Single by Mario featuring Juvenile

from the album Turning Point
- Released: 2005
- Genre: Crunk&B
- Length: 4:06
- Label: 3rd Street; J;
- Songwriters: Johntá Austin; Terius Gray; LaMarquis Jefferson; Craig Love; James "L-Roc" Phillips; Jonathan Smith;
- Producer: Lil Jon

Mario singles chronology
| "Here I Go Again" (2005) | "Boom" (2005) | "How Do I Breathe" (2007) |

Juvenile singles chronology
| "Nolia Clap" (2004) | "Boom" (2005) | "Rodeo" (2006) |

Music video
- "Boom" on YouTube

= Boom (Mario song) =

"Boom" is a song by American singer Mario. It was written by Johntá Austin, LaMarquis Jefferson, Craig Love, James "L-Roc" Phillips and Lil Jon for his second studio album, Turning Point (2005), with additional writing from featured vocalist rapper Juvenile. Production was overseen by Jon, while Austin and Troy Patterson are credited as vocal producers. The song was released as the album's fourth and final single in 2005 and peaked at number 24 on the US Billboard Rhythmic Top 40.

==Critical reception==
AllMusic editor Jason Birchmeier called the song one of the album's "immediate highlights." He described "Boom" as "a by-the-numbers rewrite of Usher's "Yeah," which likewise boasts Lil Jon's trademark production, a guest rap cameo, a dance club theme, and a catchy, simple one-syllable refrain." Caroline Sullivan from The Guardian and Angelina Yeo from MTV Asia also compared "Boom" to the Usher song, calling it "near-identical" and a "recycled version," respectively.

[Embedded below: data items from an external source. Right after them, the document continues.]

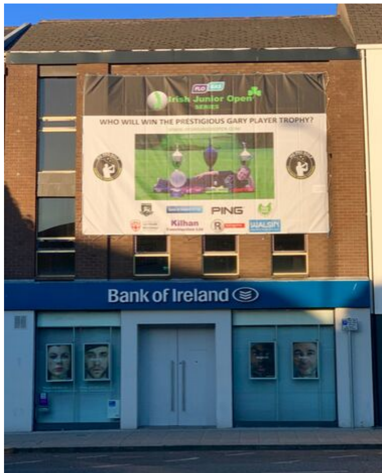
MAIN STREET 6X4 METRE SPONSORS ADVERTISING
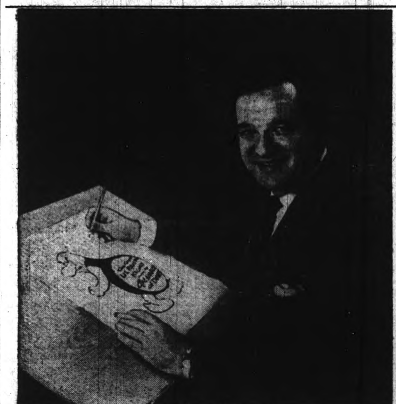
Cartoonist Al Capp, creator of L'I Abner, is shown putting finishing touches on his newest creation—the "L'I Abner Fello Bug Kigmy"—which he conceived expressly for the March of Dimes drive. Reproductions of it will be used in carnival-type booths throughout the country to raise money for the annual campaign sponsored by the National Foundation for Infantile Paralysis from January 16 through 31.
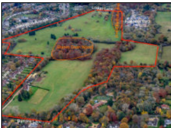
The green belt site proposed for development (boundaries shown approximate), and the ancient woodland affected.

1,085 Little Chalfont residents submitted their own objections to the proposals. In February 2022 the developer sent further information to Bucks Council on environmental aspects of the application. We then submitted comments reinforcing our
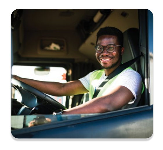
The Economic Mobility Fund is designed to help provide money for the certification process of many well-paying careers.
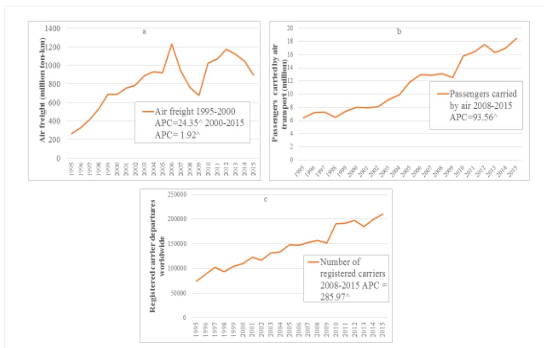
Figure 1. Time trends for air transport indicators between 1995 and 2015

^ Indicates APC is significantly different from zero at 95% confidence interval. APC = Annual Percentage Change
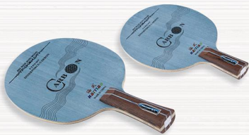
NO170 染色天蓝色KOTO, 阿尤斯力材, 阿尤斯大芯, 二层碳纤维靠大芯两侧 五木二碳 Material: Surface: KOTO(blue) Force: Ayous, Carbon Fiber Core: Ayous Number of plywood:7 Thickness:5.7±0.2mm Weight:92±3gms
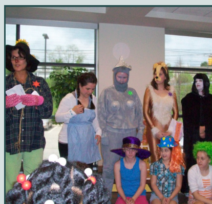
“Wisdom of God” Production At Virtuous Women’s Monthly Meeting
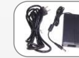
Battery Charger AC Adaptor - Output 12V/5A Item No: AD012 Input: AC100-240V 50-60Hz 70W Output: DC12V 5A
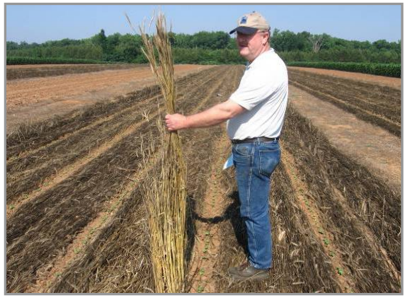
Cotton no-tilled into rolled rye cover crop, Alabama

Research from the Dakota Lakes Research Farm in Pierre, South Dakota in 2008 reports planting a mix of chickling vetch, lentils, and cowpeas (black-eyed peas). All three are legumes that fix atmospheric nitrogen, but they perform best at different times of the year. By October 15, this
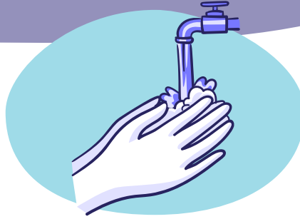
Wash your hands thoroughly and regularly
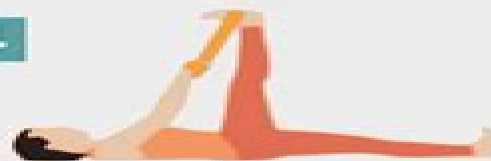
RECLINING HAND TO BIG TOE
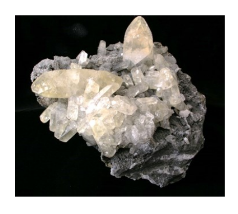
Specimen's upper section by daylight.

The upper section of this specimen consists of several truncated rhombohedron calcite crystals ranging from 3 inches to 3/16 of an inch on edge. These crystals are yellowish-brown in daylight, translucent and situated atop of a dark-gray limestone matrix. Additionally, small, unidentified gray druzy crystals are also present.
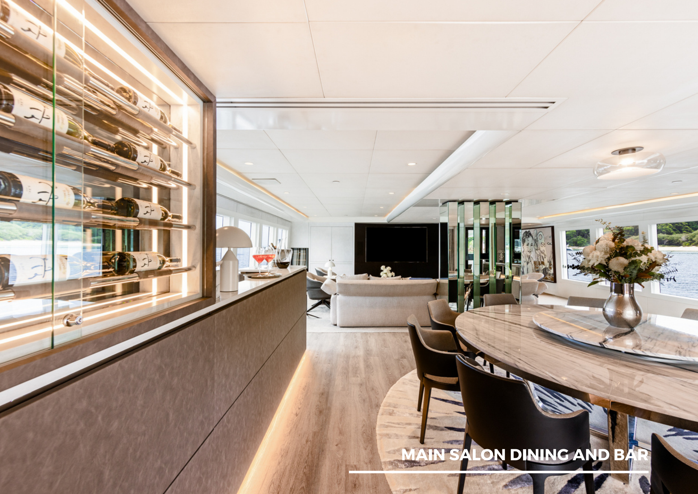
MAIN SALON DINING AND BAR
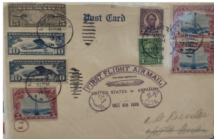
The offending 1 Cent Franklin on the complicit card.

He was arrested by the postal authorities for his free-thinking impertinence.
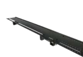
Cutting guide rail with integrated clamping system Length [mm] 600 - 1200 Ref. 608284
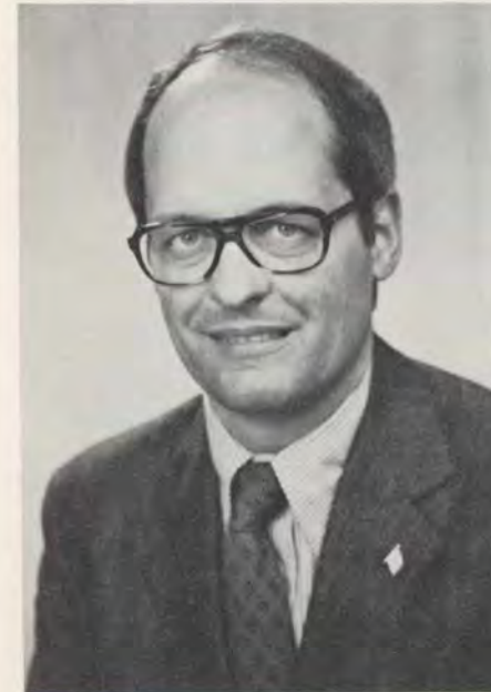
Lieutenant Governor Arthur A. Neu

Between the session and interim business, legislators are continually busy. Despite that, they always desire to meet with their constituents. When you visit the Capitol, be sure to contact your Senator or Representative.
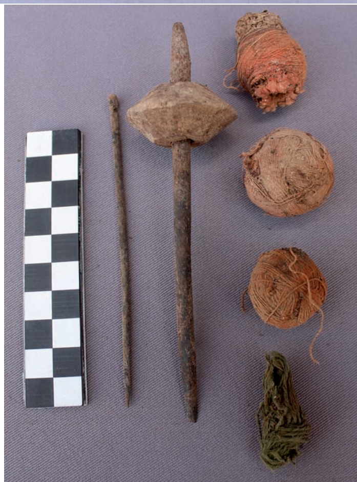
Fig. 5. Weaving toolkit from San Francisco wrapped in an unadorned textile
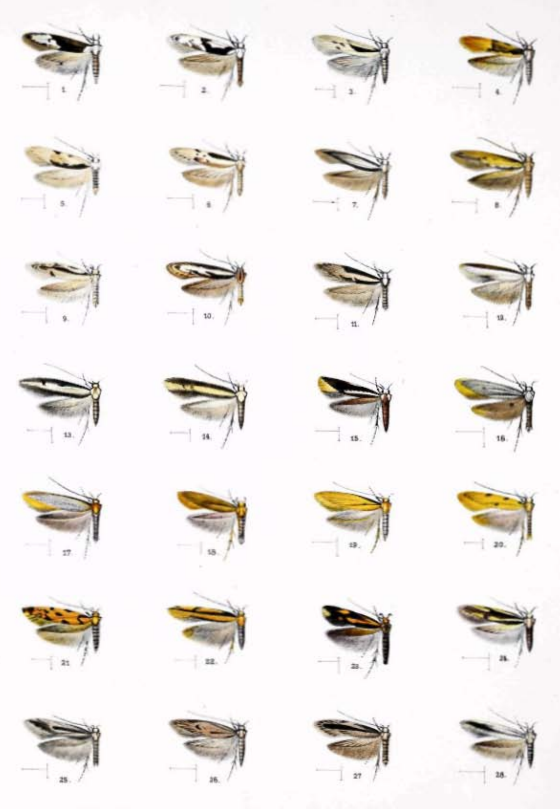
EWFrohawk del.AJ.Wendel lith.
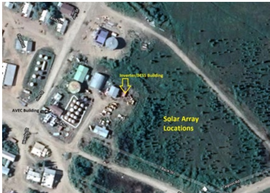
Figure 1. Solar Array site location near existing power plant

The site is near the existing power plant, within the community of Shungnak in the Village Zone. The City of Shungnak is the landowner.
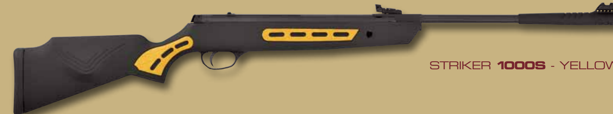
STRIKER 1000S - YELLOW

Soft rubber inlays are available in grey, dark grey, yellow and orange colors upon request
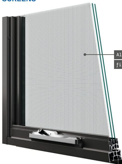
Aluminium screen fixed internally.
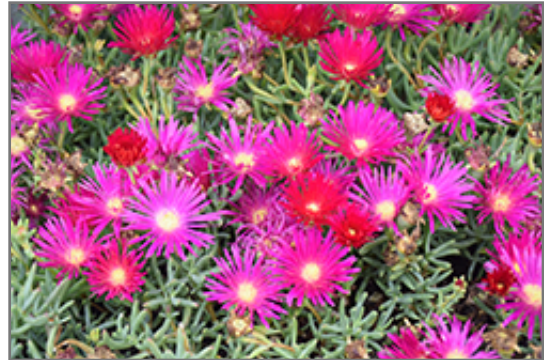
Purple Ice Plant flowers
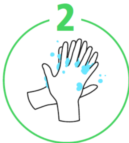
The backs of hands
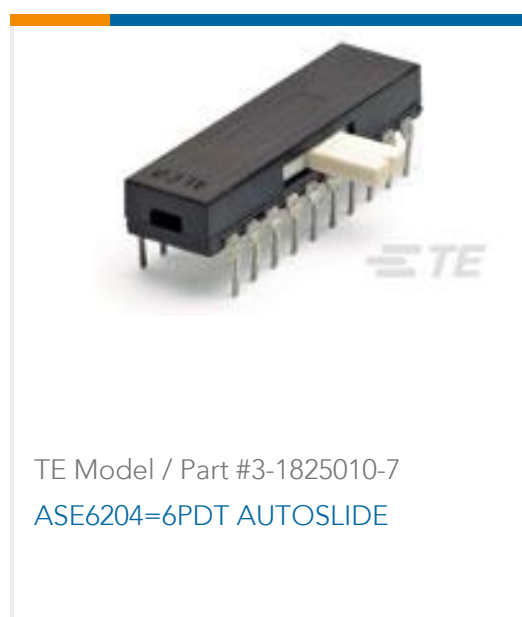
TE Model / Part #3-1825010-7 ASE6204=6PDT AUTOSLIDE

Billboard found that "though the song has all the makings of a formula R&B hit, it is hard to determine how successful "Boom" will be. On one hand, Lil Jon's synthesized keyboard riff that seemed so cool in his earlier songs is now becoming annoyingly redundant. Then again, today's music listeners seem to embrace anything that has been heard before." In her review of parent album Go, Gail Mitchell, also writing for Billboard, found that the song was "one glitch in the proceedings [...] Produced by Lil Jon, it's too derivative of Usher's 2004 megahit, "Yeah!."

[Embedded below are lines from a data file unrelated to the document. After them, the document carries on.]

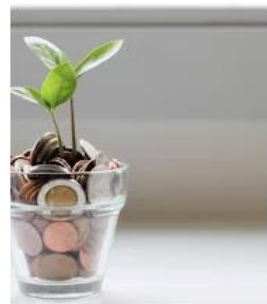
Resource mobilisation and fundraising
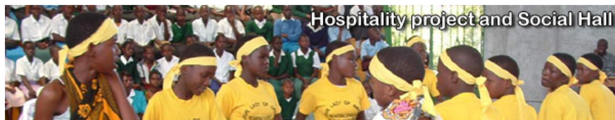
Hospitality project and Social Hall
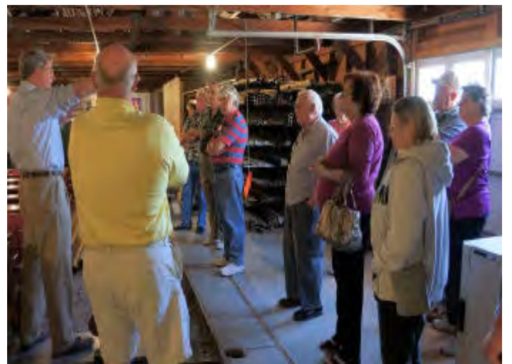
A rare behind the scenes look at the McCormick-Stillman Railroad Park workshop
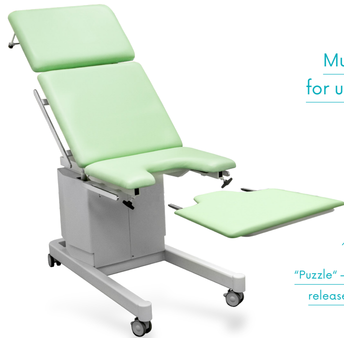
↑ "Puzzle" – easy to release / fix

Multipurpose examination couch – solution for urology and gynaecology, USG scanning, X-ray images

==Commercial performance==
"Boom" failed to chart on the US Billboard Hot 100 and the Hot R&B/Hip-Hop Songs chart, becoming the lowest-charting single. The song however debuted on Billboards Rhythmic in the week of September 10, 2005. It eventually peaked at number 23 on the chart.

==Music video==
A music video for "Boom" was directed by Benny Boom and filmed on September 13, 2005 at Club Avalon in New York City. It premiered on MTV's Total Request Live in 2005.

==Track listing==

Notes
- ^{} signifies a vocal producer

Digital remix single
| No. | Title | Producer(s) | Length |
|---|---|---|---|
| 1. | "Boom" (remix featuring Juvenile) | Lil Jon; Johntá Austin^{[a]}; Troy Patterson^{[a]}; | 4:18 |

CD single
| No. | Title | Producer(s) | Length |
|---|---|---|---|
| 1. | "Boom" (album version) | Lil Jon; Austin^{[a]}; Patterson^{[a]}; | 4:09 |
| 2. | "Boom" (remix) | LaMarquis Jefferson; Craig Love; | 4:31 |
| 3. | "Boom" (call out hook) | Lil Jon; Austin^{[a]}; Patterson^{[a]}; | 0:16 |

==Credits and personnel==
Credits lifted from the liner notes of Turning Point.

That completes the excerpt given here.